*DATA SHOWN:*
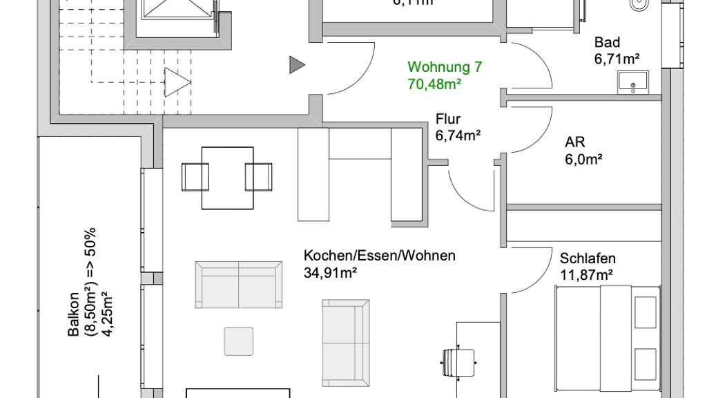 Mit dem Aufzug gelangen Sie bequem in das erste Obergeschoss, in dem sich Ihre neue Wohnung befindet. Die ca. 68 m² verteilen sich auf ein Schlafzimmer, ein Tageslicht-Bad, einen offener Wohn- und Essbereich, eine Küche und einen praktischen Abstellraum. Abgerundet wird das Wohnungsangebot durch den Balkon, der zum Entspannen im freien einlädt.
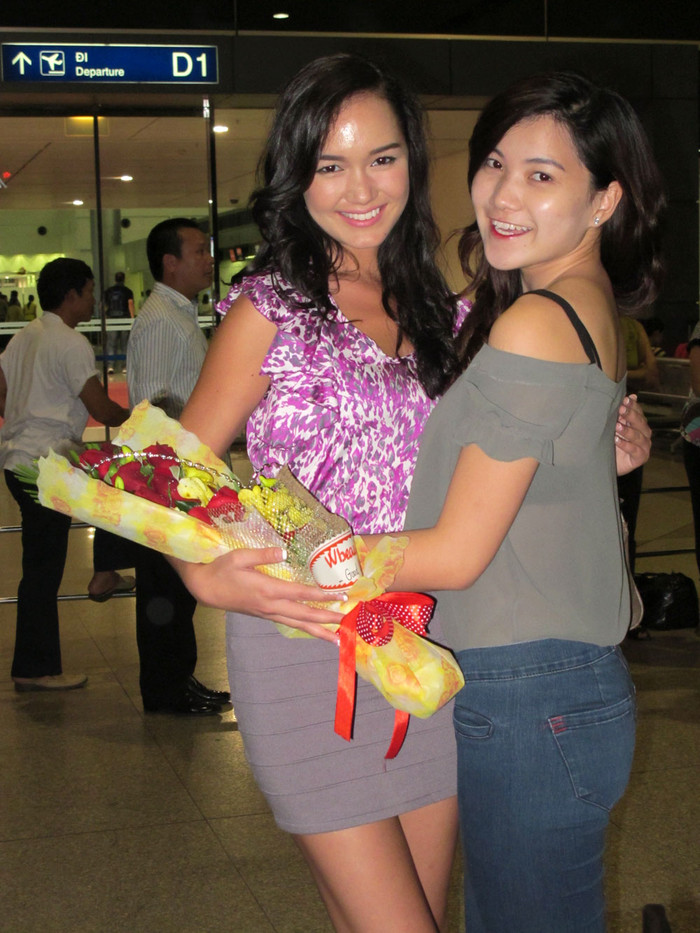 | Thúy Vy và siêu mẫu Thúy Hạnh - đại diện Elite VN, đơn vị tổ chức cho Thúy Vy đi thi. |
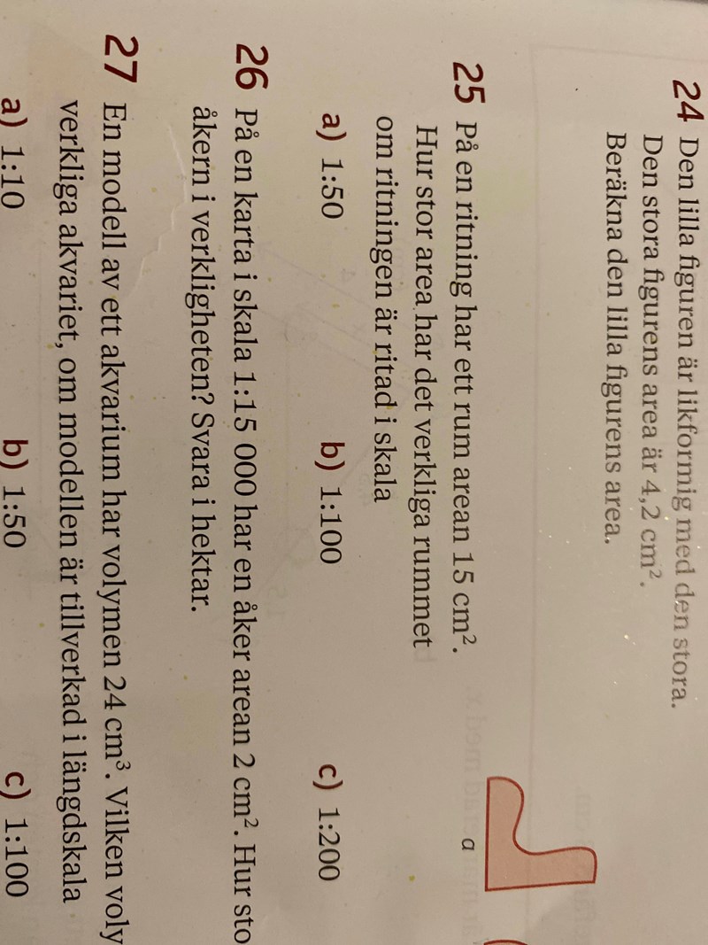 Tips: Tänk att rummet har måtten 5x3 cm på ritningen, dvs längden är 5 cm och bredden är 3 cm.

*PROBLEM DESCRIPTION:* In your copy, omit the pictures and restate every line of the data word for word.

*TASK SOLUTION:*
 Mit dem Aufzug gelangen Sie bequem in das erste Obergeschoss, in dem sich Ihre neue Wohnung befindet. Die ca. 68 m² verteilen sich auf ein Schlafzimmer, ein Tageslicht-Bad, einen offener Wohn- und Essbereich, eine Küche und einen praktischen Abstellraum. Abgerundet wird das Wohnungsangebot durch den Balkon, der zum Entspannen im freien einlädt.
 | Thúy Vy và siêu mẫu Thúy Hạnh - đại diện Elite VN, đơn vị tổ chức cho Thúy Vy đi thi. |
 Tips: Tänk att rummet har måtten 5x3 cm på ritningen, dvs längden är 5 cm och bredden är 3 cm.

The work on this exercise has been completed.